Having learnt the history and little beginning of the stock market, you are now informed enough to dig deeper into the fundamental processes involved in stock market investing. If the stock market is completely new to you, then you would have to read with much more attention so as to understand better. Nevertheless, this book is very explicit on the subject matter.
What is a Stock?
A stock is a share of a company’s capital investment which is held by a shareholder, who by virtue of holding a share of the company’s capital has become a part owner of the company and can therefore lay part claims on it.
You should know that being a shareholder does not qualify one to lay unwarranted or unauthorized claims on company assets or human resources, as regards property or staff/customer respectively.
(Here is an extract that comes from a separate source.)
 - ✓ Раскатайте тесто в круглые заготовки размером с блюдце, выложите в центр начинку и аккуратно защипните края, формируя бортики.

Regardless the percentage of the company one owns, one has no absolute powers to claim company assets or to hire and fire members of staff, since one only owns a part of the company. A reverse of this is seen in a sole proprietorship where in taking major business decisions, the owner has complete voting rights, and so is in total control of the company.
Digging Deeper
Understand that shareholders only own a part of a company and not the whole company as they only hold a proportion of the shares issued to the company upon incorporation. Incorporation makes the company recognizable under the law, giving it the legal standing to file tax payments, own properties, apply for loans, sue and be sued, and so on. This further explains why a shareholder cannot practically lay claims on company assets (such as equipment) and other properties not incorporated in the issuance of the company’s shareholding capacity.
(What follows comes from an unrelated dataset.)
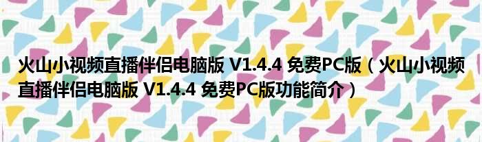 火山小视频直播伴侣电脑版 V1.4.4 免费PC版(火山小视频直播伴侣电脑版 V1.4.4 免费PC版功能简介)

It is pertinent to note that there is a clear demarcation between properties owned by the shareholders and those owned by the corporation. Assuming the corporation declares bankruptcy, it can only sell off its corporate assets excluding shareholders’ personal assets, as the court lacks the jurisdiction to compel any shareholder to sell his shares in event of bankruptcy, although the value of shares owned by each shareholder will plummet significantly. In the same vein, the shareholder has no rights whatsoever, to sell off the corporation’s assets as a means of repaying his personal debt in case he goes bankrupt.
Owning, say 10 percent of company shares does not necessarily mean you own one-tenth of the company assets since you cannot do as you wish with property which are solely owned by the company. The major benefits of owning company shares are to earn you shareholder’s dividends and to qualify you to express your voting rights by expressing your views whenever major business decisions are being taken among shareholders.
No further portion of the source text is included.